Internet Archaeol 4. Wansleeben & Verhart. Multivariate statistics

4.3 Multivariate statistics

On the initiative of New Archaeology in particular, a large number of statistical techniques have been used to arrange archaeological data. By the nature of the problem, where various artefact types determine the character of the site, the most useful techniques appear to be cluster analysis, principal component, factor, correspondence analyses and other multivariate techniques. One of the preconditions for these 'advanced' techniques could in principle be met by expressing the artefact composition of each site in percentages. In that case standardized numerical data would be available, whose values would all be within a single range (0-100%).

Multivariate analyses provide the opportunity to display the variation in the data not only in one, but also in two, three or more dimensions. The data are combined mathematically in as optimal a way as possible in groups or components. By way of tree diagrams or principal component plots, an insight into the data can be displayed visually. Observations and/or variables that are highly similar are grouped closer together and large differences are translated into larger distances in the plots.

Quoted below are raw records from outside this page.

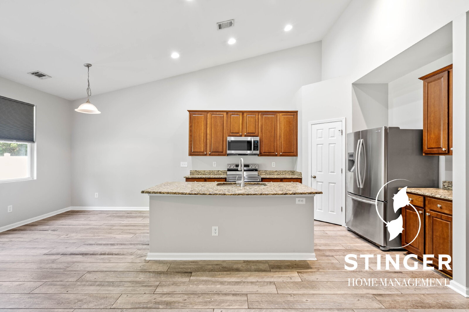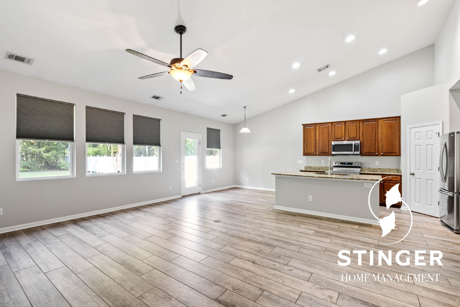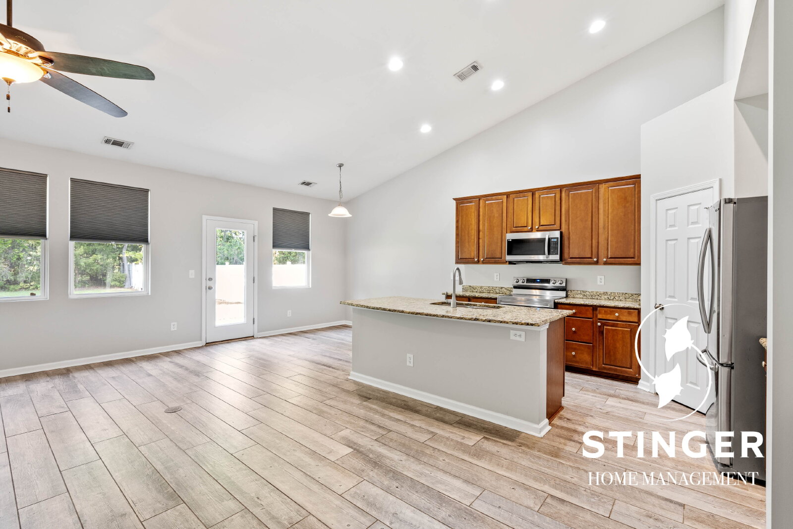 - Open-concept floor plan with vaulted ceilings in the kitchen and living area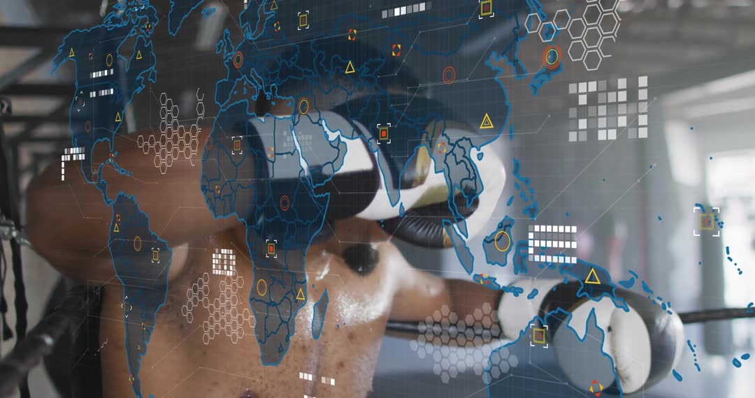 Dynamic sports video combining athleticism with cutting-edge technology. Perfect for articles or campaigns focused on merging sports with tech, innovation in fitness, or the global impact of trends in athletics. Background of a boxer illustrates dedication and strength, overlaid with transparent digital network map, emphasizing advancement tiers. Ideal for use by tech companies or health and fitness industries promoting future-ready solutions.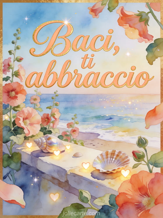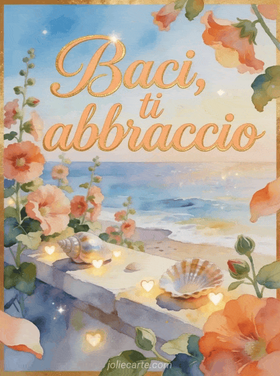 Condividi una calda cartolina ad acquerello con calligrafia albicocca, una sporgenza sul mare, petali di malvarosa, conchiglie levigate e piccole luci a cuore. Invia altro affetto con tanti baci gif animata, baci cane gif o gif coniglio bacini.

There are many ways of executing a cluster analysis (arranging observation by types), factor analysis (arranging variables by components) or correspondence analysis (arrangement of observations and variables). A thorough knowledge of applicability, preconditions and limitations of the various techniques is necessary to be able to make a balanced decision and obtain relevant archaeological results. The risk is that the data will be run through a number of different techniques to try and produce a result which may fit the data but be archaeologically irrelevant. The relative ease with which this can be done by modern software certainly contributes to this. On the one hand this could mean that an archaeologist has insufficient insight into the data to be able to judge whether the statistical results are archaeologically meaningful. For example, the correlation coefficient is the basis for other calculations in a principal components analysis. However, when the correlation coefficient is not a good numerical reflection of the relationship between two variables, this means that a computer will spew out a multivariate classification, which has no archaeological value whatsoever.

Fig. 37 The calculated correlation coefficient (R) is mathematically correct, but does not give a useful summary of the relationship between these two variables

less detail

On the other hand this testing of a large number of techniques means that basically we gain nothing. In the end we opt for those results which best fit the picture of the structure in our data. This picture had probably already formed in our heads even before the multivariate analysis, as a result of the collection of the data, our archaeological experience and simple counts and graphs.

"Analytical methods such as spatial autocorrelation and the mapping of principal components have not been able to provide understandable answers to the questions asked of them." (Savage 1990: 331).